For context, I am doing a full finetune of a LLM (meta-llama/Llama-3.1-8B) on a HPC cluster with A100 (40gb gpus) on a rather large corpus of text.

The training setup consists of using the SFTTrainer from huggingface transformers.

And the distributed training is handled with accelerate + deepspeed ZeRO2.

The "issue" I am facing is that when I increase the number of nodes is my SLURM config, the global batch sizes increases, since, it seems to be a function of the number of total gpus.

Currently I have this config;

per_device_train_batch_size = 1
gradient_accumulation_steps = 8

and a single node has 4x A100 GPUs.

So e.g using 16 nodes I get global batch size = per_device_train_batch_size * gradient_accumulation_steps * nodes * gpu_per_node => 1 * 8 * 16 * 4 => 512.

If I launch the same training with 32 nodes the global batch size becomes 1024, which means I get half the amount of gradient updates, which prevents the model to converge, since the training completes in half the time with the larger batch size (about 1M tokens per batch).

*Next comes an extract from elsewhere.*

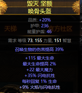 由于攻击技能放在武器上,头部不绑定元打头,我认为最佳选择是地心词缀的唤骨头。召唤物增伤可以作用于自身,地心词缀可以带来高血量,极品是“周围敌人降低火焰抗性”的词缀。其他属性补抗、补敏捷即可。我用的这个除了血高外没有什么特点,很便宜。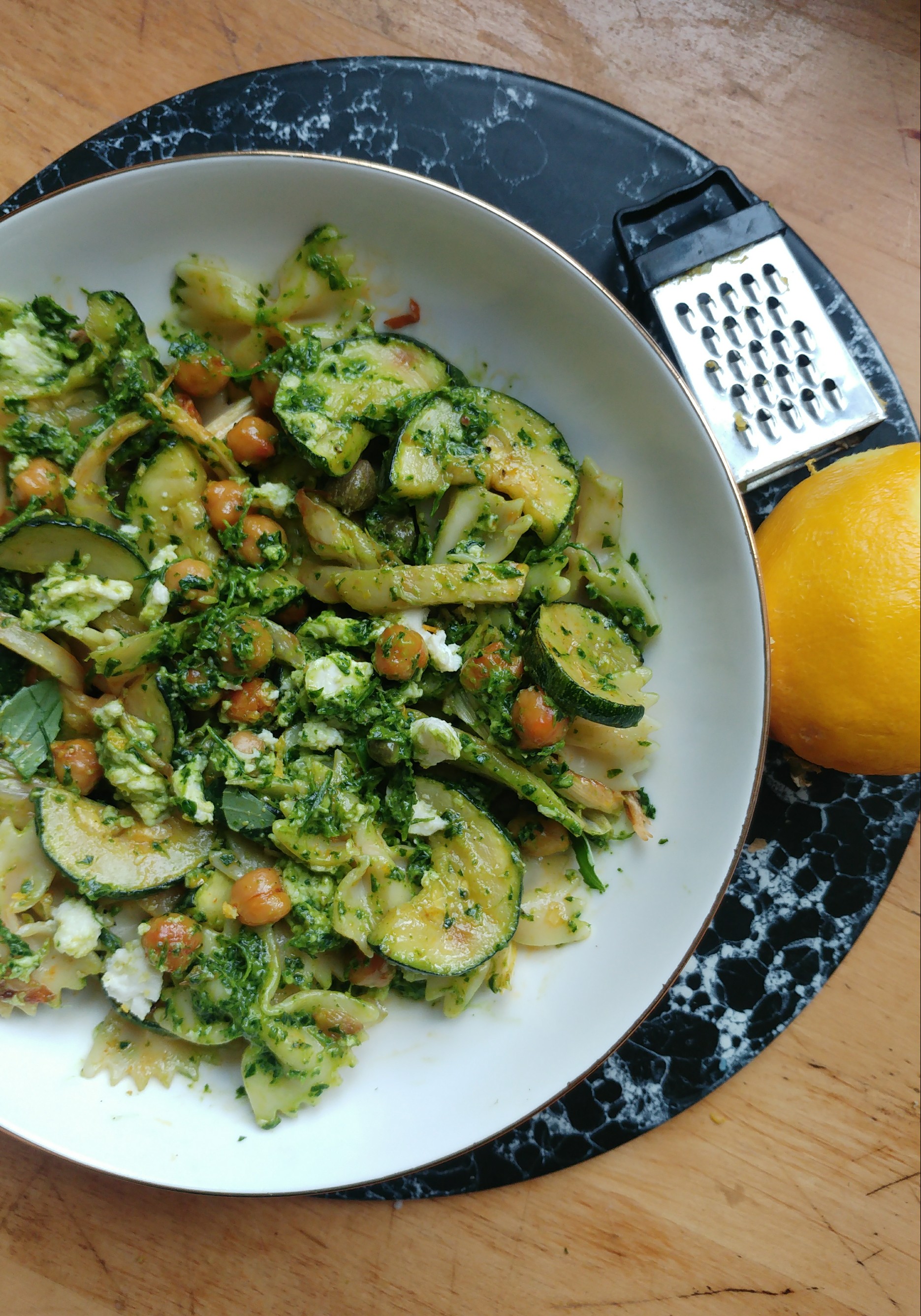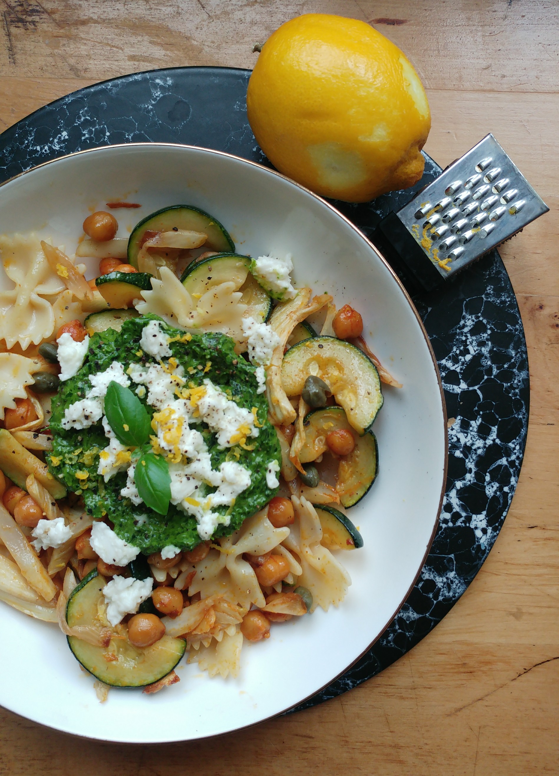 5. Makaron wymieszaj z sosem, dodaj podsmażone warzywa (razem z sokami), rozdrobnioną mozzarellę, kapary, ciecierzycę, kilka porwanych listków bazylii i skórkę z cytryny. Delikatnie przemieszaj. Dopraw solą i pieprzem według uznania.

I can drop down the gradient_accumulation_steps ofc, but ideally I would like to lock the global batch size in case I launch a training on hundreds of nodes.

trainer.yaml:

learning_rate: 2e-5
warmup_steps: 100
lr_scheduler: cosine
optimizer: adamw_torch_fused
max_grad_norm: 1.0
gradient_accumulation_steps: 8
per_device_train_batch_size: 1
num_epochs: 1
sequence_len: 8192

deepspeed_zero2.json:

{
  "zero_optimization": {
    "stage": 2,
    "offload_optimizer": {
      "device": "cpu"
    },
    "contiguous_gradients": true,
    "overlap_comm": true
  },
  "bf16": {
    "enabled": "auto"
  },
  "fp16": {
    "enabled": "auto",
    "auto_cast": false,
    "loss_scale": 0,
    "initial_scale_power": 32,
    "loss_scale_window": 1000,
    "hysteresis": 2,
    "min_loss_scale": 1
  },
  "gradient_accumulation_steps": "auto",
  "gradient_clipping": "auto",
  "train_batch_size": "auto",
  "train_micro_batch_size_per_gpu": "auto",
  "wall_clock_breakdown": false
}

Relevant parts of the slurm config;

#!/bin/bash
#SBATCH --job-name=test
#SBATCH --account=test
#SBATCH --partition=standard-g
#SBATCH --cpus-per-task=56
#SBATCH --nodes=16
#SBATCH --gpus-per-node=4
#SBATCH --ntasks-per-node=1
#SBATCH --mem=480G
#SBATCH --exclusive
#SBATCH -t 48:00:00

#Variables for distributed enviroment
export MASTER_PORT=$(expr 10000 + $(echo -n $SLURM_JOBID | tail -c 4))
master_addr=$(scontrol show hostnames "$SLURM_JOB_NODELIST" | head -n 1)
export MASTER_ADDR=$master_addr
export LOCAL_RANK=$SLURM_LOCALID
export WORLD_SIZE=$((SLURM_GPUS_ON_NODE*SLURM_NNODES))

accelerate launch \
    --rdzv_conf "rdzv_backend=c10d,rdzv_endpoint=$MASTER_ADDR:$MASTER_PORT" \
    --config_file $ACCELERATE_CONFIG_FILE \
    --num_machines $SLURM_NNODES \
    --num_processes $WORLD_SIZE \
    --main_process_ip $MASTER_ADDR \
    --main_process_port $MASTER_PORT \
    --machine_rank \$SLURM_PROCID \
    --role \$(hostname -s) \
    --tee 3 \

Is it possible to lock the global batch size? I read in the documentation that:

train_batch_size must be equal to train_micro_batch_size_per_gpu * gradient_accumulation_steps * number of GPUs. For simplicity, you can choose to only specify two of the three parameters, the last one will be inferred automatically by DeepSpeed.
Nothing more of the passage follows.